Balloon dilation carries the lowest complication profile among endoscopic BNC treatments:

ComplicationRate / note
De novo urinary incontinence0% with standalone dilation (Ramchandani) — the principal advantage; sphincter mechanism is not deeply disrupted[1]
Urge incontinence (combined balloon + holmium laser)~14.6%[5]
Recurrence~41% standalone — usually due to dense scar; primary limitation[1]
Bleeding, UTIUncommon
Perforation / extravasationRare; possible with aggressive dilation

Clinical Positioning

The AUA 2023 guideline notes that all endoscopic techniques have similar success rates (50–80%) for first-time VUAS, and no studies directly compare the different treatment strategies.[8]

In practice:

  • Standalone balloon dilation is best suited to mild, early, or first-time BNC without anticipated dense scar — when minimizing incontinence risk is the priority and lower efficacy is acceptable.
  • Balloon dilation as a preparatory step before incision / resection is the most widely used combined approach (canonical Nealon protocol).[2]
  • Drug-coated balloon dilation is an emerging option with promising early data — 60% reduction in recurrence (Berg 2025) — though it remains off-label for BNC and long-term durability data are needed.[3][7]

Key Principles

  • Balloon dilation has two distinct roles: standalone treatment (~59% success) and preparatory step before incision / resection (combined success 82–94%).[1][2]
  • Standalone dilation has the lowest incontinence risk of all endoscopic BNC treatments — the principal advantage.[1]
  • Standalone is fundamentally limited by dense scar that radial pressure alone cannot disrupt — explains the ~41% recurrence.[1]
  • The Nealon 2022 standardized protocol (24 Fr balloon → bilateral 3 & 9 o'clock Collins-knife incisions) is the canonical combined approach with 82% single-procedure and 94% two-procedure success.[2]
  • Drug-coated balloon dilation reduces recurrence by ~60% vs standard endoscopic treatment in posterior urethral stenosis (Berg 2025) — promising but off-label for BNC.[3]
  • Day-surgery columnar balloon + holmium laser is feasible with high short-term success but limited follow-up.[5]
  • DCB use for BNC is concentrated among higher-volume urologists (≥ 10 cases / year, OR 4.66) — suggesting a learning curve and selection effect.[7]

References

1. Ramchandani P, Banner MP, Berlin JW, Dannenbaum MS, Wein AJ. Vesicourethral anastomotic strictures after radical prostatectomy: efficacy of transurethral balloon dilation. Radiology. 1994;193(2):345-9. doi:10.1148/radiology.193.2.7972741.

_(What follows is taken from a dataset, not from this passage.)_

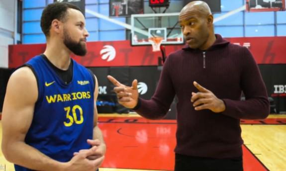 在勇士客戰(zhàn)猛龍期間,庫里在多倫多與猛龍名宿文斯-卡特進(jìn)行了訪談,期間卡特向庫里提問,是否意識到自己已經(jīng)徹底改變了籃球比賽的打法。
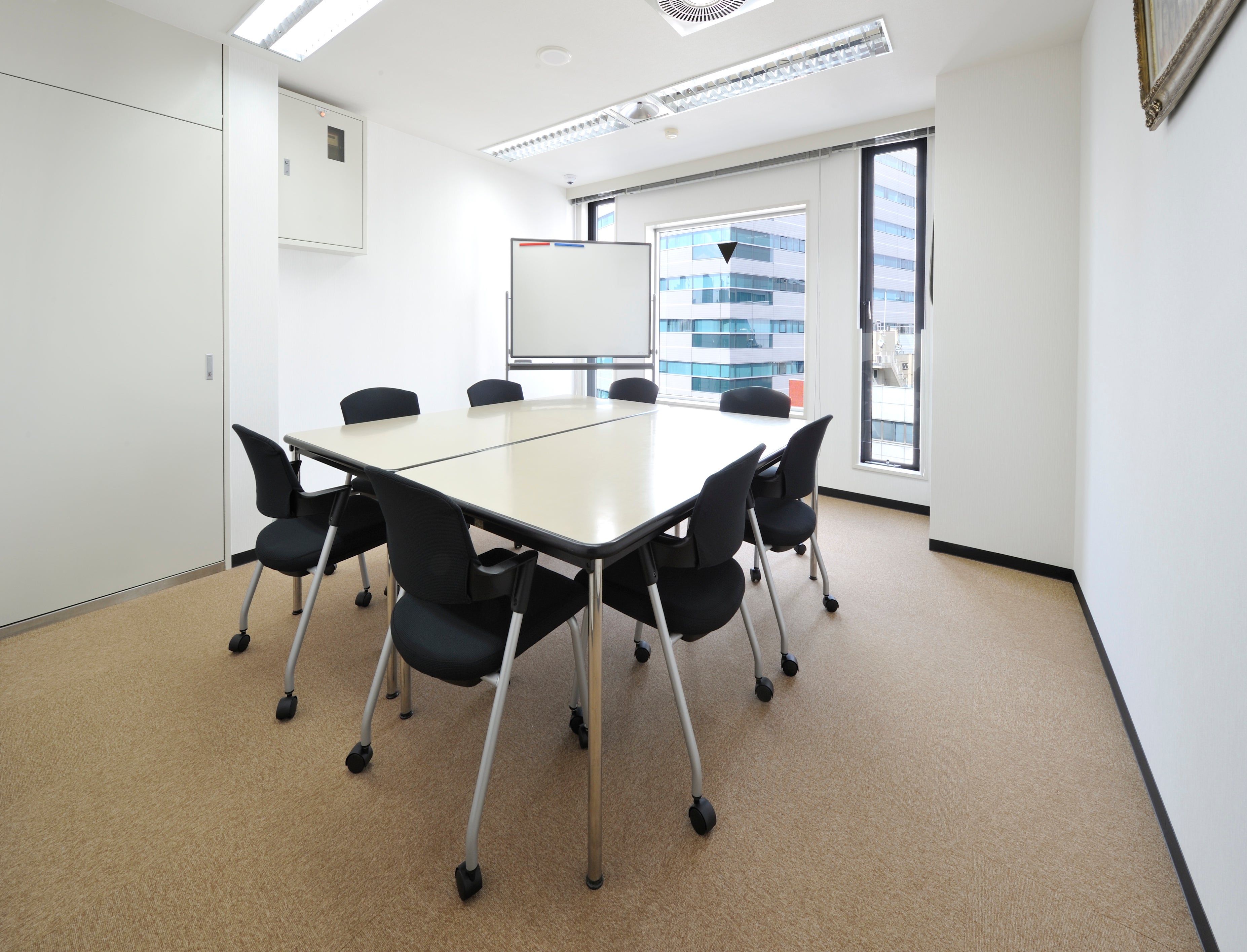 少人数のミーティングや面接などに最適。 机が広いので、図面を広げての打ち合わせなどにも向いています。 A+B+C利用時の控室としてもご利用ください。

2. Nealon SW, Bhanvadia RR, Badkhshan S, et al. Transurethral incisions for bladder neck contracture: comparable results without intralesional injections. J Clin Med. 2022;11(15):4355. doi:10.3390/jcm11154355.

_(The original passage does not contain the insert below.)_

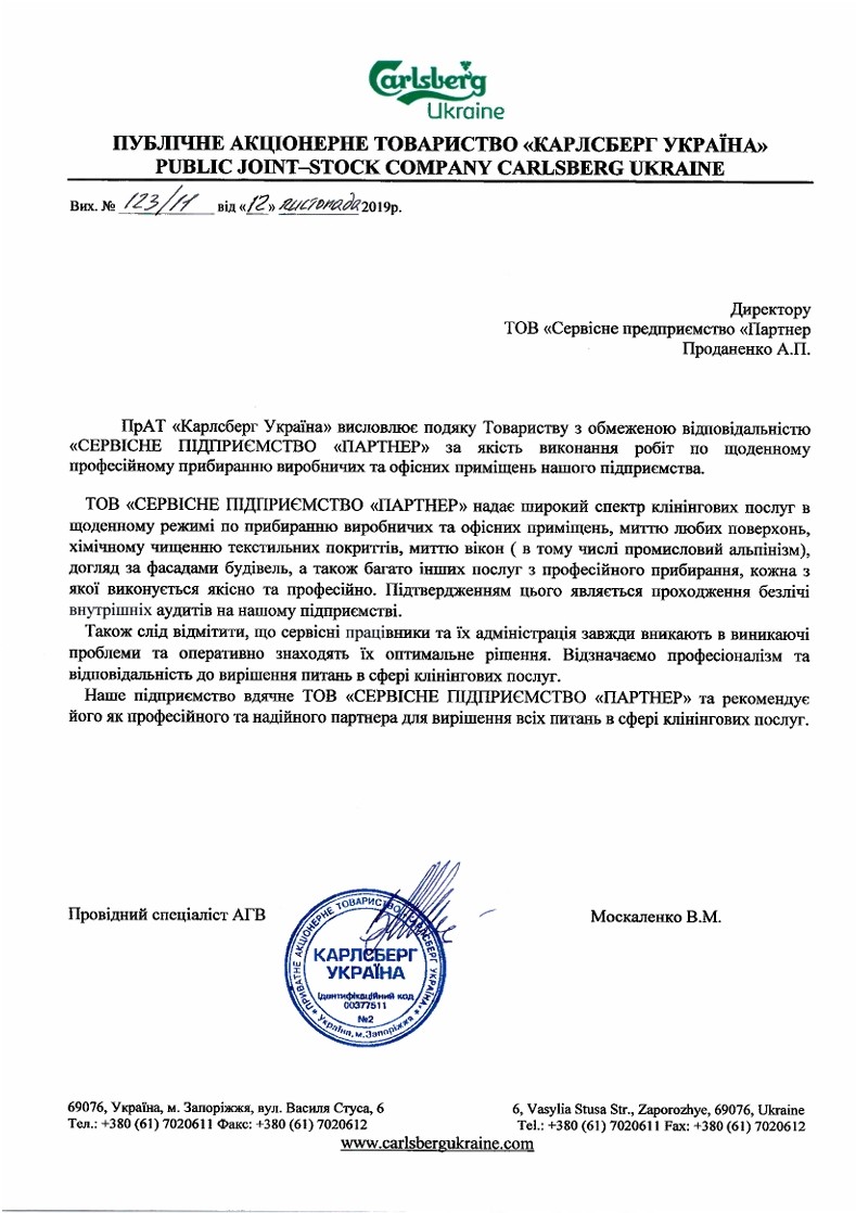 гарантією якості та пунктуальності

3. Berg EK, Mehmedovic S, Askari D, et al. Efficacy of drug-coated balloon dilation vs endoscopic standard treatment in posterior urethral stenosis: a real-world comparative study. Urology. 2025. doi:10.1016/j.urology.2025.07.034.

4. Hudson CN, Damm T, Monn MF. Minimally invasive treatments for posterior urethral stenosis. J Endourol. 2025. doi:10.1177/08927790251371037.

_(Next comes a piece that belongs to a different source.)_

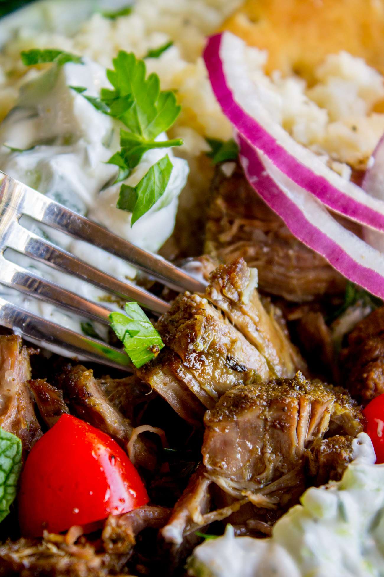 All the gyro flavors you love, shredded beef style! This is a super delicious and HEALTHY option for dinner. Make it in the Instant Pot or the Crock Pot! Don't forget to pair it with Tzatziki Sauce (<

5. Sun J, Xia SQ, Tong Z, Xiao DD, Chen B. Transurethral columnar balloon dilation of the prostate combined with holmium laser incision for bladder neck contracture in day-surgery mode. Lasers Med Sci. 2023;38(1):279. doi:10.1007/s10103-023-03942-8.

6. Kapriniotis K, Loufopoulos I, Apostolopoulou A, Anderson PCB, Papaefstathiou E. Drug-coated balloon treatment for urethral strictures: is this the future? A review of the current literature. J Clin Med. 2025;14(8):2854. doi:10.3390/jcm14082854.

7. Sugrue DD, O'Connor J, Białek Ł, et al. Practices in urethral stricture management with drug-coated balloon dilatation: an international survey. World J Urol. 2026;44(1):285. doi:10.1007/s00345-026-06343-y.

8. Wessells H, Morey A, Souter L, Rahimi L, Vanni A. Urethral stricture disease guideline amendment (2023). J Urol. 2023;210(1):64-71. doi:10.1097/JU.0000000000003482.